Я повертелась перед находкой, в который раз убеждаясь в баб-Лидиной правоте. И так и этак встала. И вполоборота! Не принцесса, может быть, но определенно королевна. И разве ж такая симпатяга не найдет себе новую хорошую работу? Да запросто! И не только! Она обязательно заработает много-много денег, отдаст все долги и заживет лучше прежнего. А замуж она выйдет за честного человека, а не за предателя и вора!
Моя самооценка медленно, но уверенно взлетала до небес, и даже черная коса, над которой еще не так давно я в приступе самокритики занесла было ножницы, показалась вполне уместной. Тем паче для гадания с зеркалом, чтобы, так сказать, углубить эффект. Народные традиции – это святое. Тишины и темноты, потребных для обряда, в здешних местах полным-полно, банька протоплена, и все сделано, как положено. По обе стороны от зеркала я свечи поставила в майонезных банках вместо отсутствующих подсвечников, второе зеркало, поменьше и поновее, – напротив баб-Лидиного раритета, а сама в старую ночную сорочку нарядилась, никаких поясов и резинок от трусов. Осталось волосы по плечам распустить, и хоть сейчас на иллюстрацию в школьную хрестоматию.
Настраивать зеркальный коридор нужно тщательно, приговаривая: «Суженый, ряженый! Покажись мне в зеркале!» И когда в тусклом мерцающем свете откроется проход в бесконечность, сидеть смирно и ждать, вглядываясь в синеватое дрожащее марево. Сначала чудилось, будто не свечи горят, а трепещут огненными крылышками бабочки, кружатся в лихой пляске и уносятся вдаль, хихикая и перешептываясь. Затем вдруг резко запахло смолой и дегтем. А потом суженый-ряженый возьми да и появись! И не кто-нибудь, не добрый молодец, а лично господин Дэ Сидоров! Стоял, понимаешь, и гнусно усмехался. Я глазам своим не поверила, придвинулась ближе и случайно коснулась зеркальной поверхности, а Дэ Сидоров ка-а-ак схватит меня за руку, как дернет на себя. Я не успела крикнуть ритуальное: «Чур с сего места!» – и утянуло меня доброе зеркало в свои глубины, точно в омут.
Вот вам и крещенский вечерок, девушки!
Глава 2
О дивный новый мир!
Диху, сын Луга, и Иван, Дмитриев сын
из рода Корецких
– Ты закусывай, друже, закусывай! Заедай ее, родимую… Ну-тка, капусткой вон похрусти! Чего рожу скривил? Аль не ладно?

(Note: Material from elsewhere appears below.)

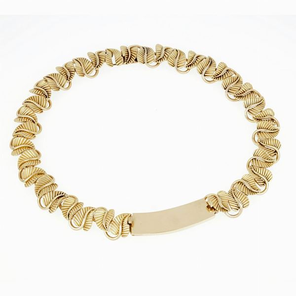 Coppia bracciali anni '50/'60, componibili in un girocollo, in oro giallo 18 Kt.

– Лад…но, – с трудом выговорил сид, осторожно вдыхая и выдыхая. Огня из глотки не выдохнул – уже хорошо, хотя казалось, что еще чуть-чуть, и превратится сын Луга в натурального дракона. Каковые твари Народу Холмов родичами никогда не были, к слову.
– Сколько лет вас знаю, а все не привыкну, – послушно похрустев закуской, признался Диху. – Чего только не пил, чего не едал, а чтоб медовуху капустой…
– Это не медовуха. – Товарищ его по застолью бережно поднял стеклянную рюмку, каких и у иных королей не водилось, и ласково полюбовался напитком. – Это – зелено вино! А ежели тебе по-латински привычней, так аква вита, сиречь вода живая. Различать уж должен, чай, не отрок.
И усмехнулся в бороду, лукаво щуря светлые глаза.
Диху, которого почитали покровителем очага и горна столько веков, что у приветливого хозяина пальцев не хватит перечесть, на поддразнивания не обижался. По человеческому счету знаком он был с боярином Корецким уже давно, еще голозадым младенцем в колыбели его видал, а с бабкой его, знаменитой посадницей Марьей, тоже в свое время имел и застолья, и беседы. Доводилось и выручать, как без этого. А теперь вот Иван Дмитриевич должок отдавал: приютил, в бане попарил и аква витой под капустку потчует.
– Эк вызвездило! – Хозяин протопал к двери и приоткрыл ее, впуская в предбанник морозный воздух. – Хороша ночка! Айда в прорубь, гостюшка?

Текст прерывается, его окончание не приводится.